Un autre explorateur, l’Allemand Ulrich Seetzen (1767-1811), parcourt le Yémen en 1810 et 1811, à la recherche d’inscriptions signalées par Niebuhr. Il découvre huit textes sudarabiques, alors dits "himyarites", à Zafâr et à Mankath en 1810 avant d’être assassiné par ses guides à Taʿizz en 1811.

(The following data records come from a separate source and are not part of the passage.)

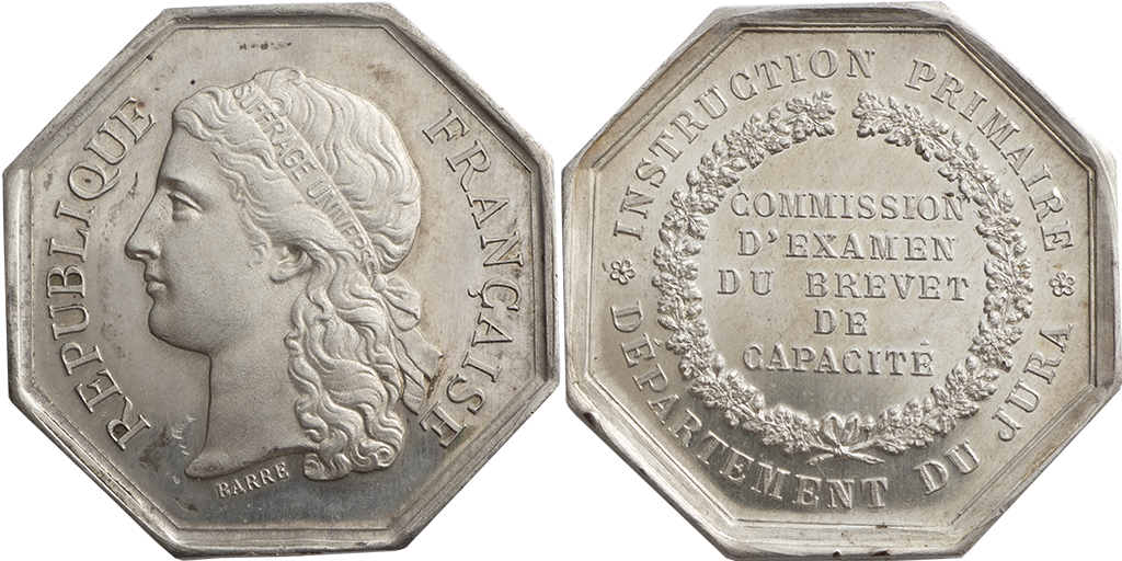 Francia. Jetón. Ag. Rep. Francesa. Instrucción de primaria. Departamento del Jura. Muy bella. S/C-.
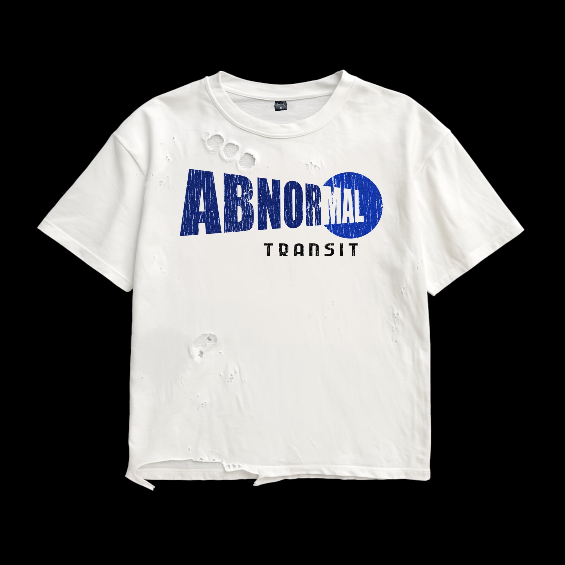 100% cotton, 200gsm, cropped and distressed tee with front and back screen printing If you do not prefer the cropped look, please consider sizing up.
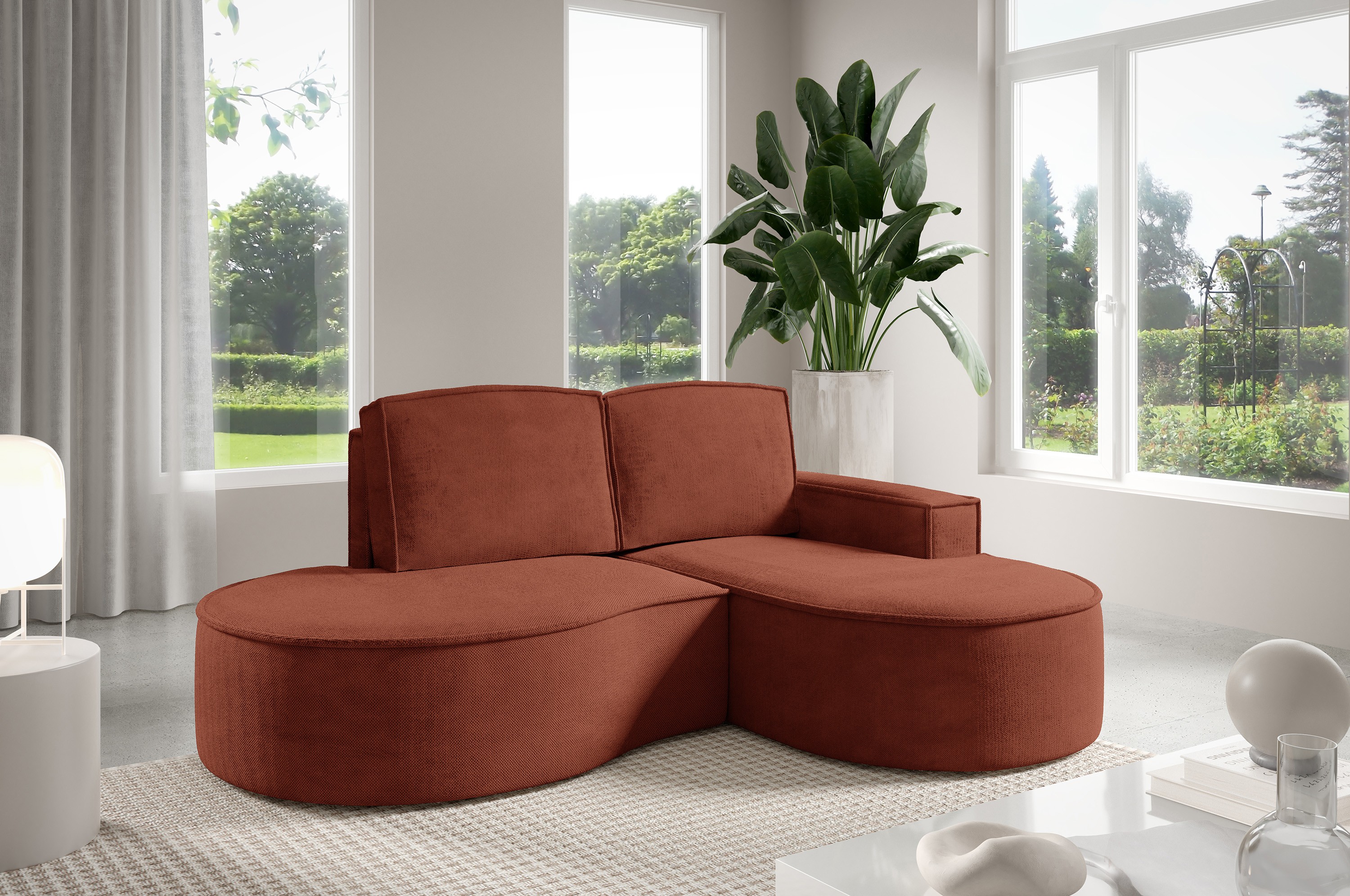 Narożnik MOLLY Prawostronny bez funkcji spania, wolnostojący tkanina CURIO 55 Miedziany

Les prémices de la sabéologie

La première mention détaillée d’un texte écrit en sudarabique est rapportée en 1834 par des officiers britaniques à Qanî’. D’autres inscriptions sont régulièrement découvertes dans les années qui suivent et, en 1841, le savant allemand Heinrich Wilhelm Gesenius (1786-1842) propose un premier déchiffrement du sudarabique, en collaboration avec son élève Emil Rödiger (1801-1874). La "sabéologie" est née.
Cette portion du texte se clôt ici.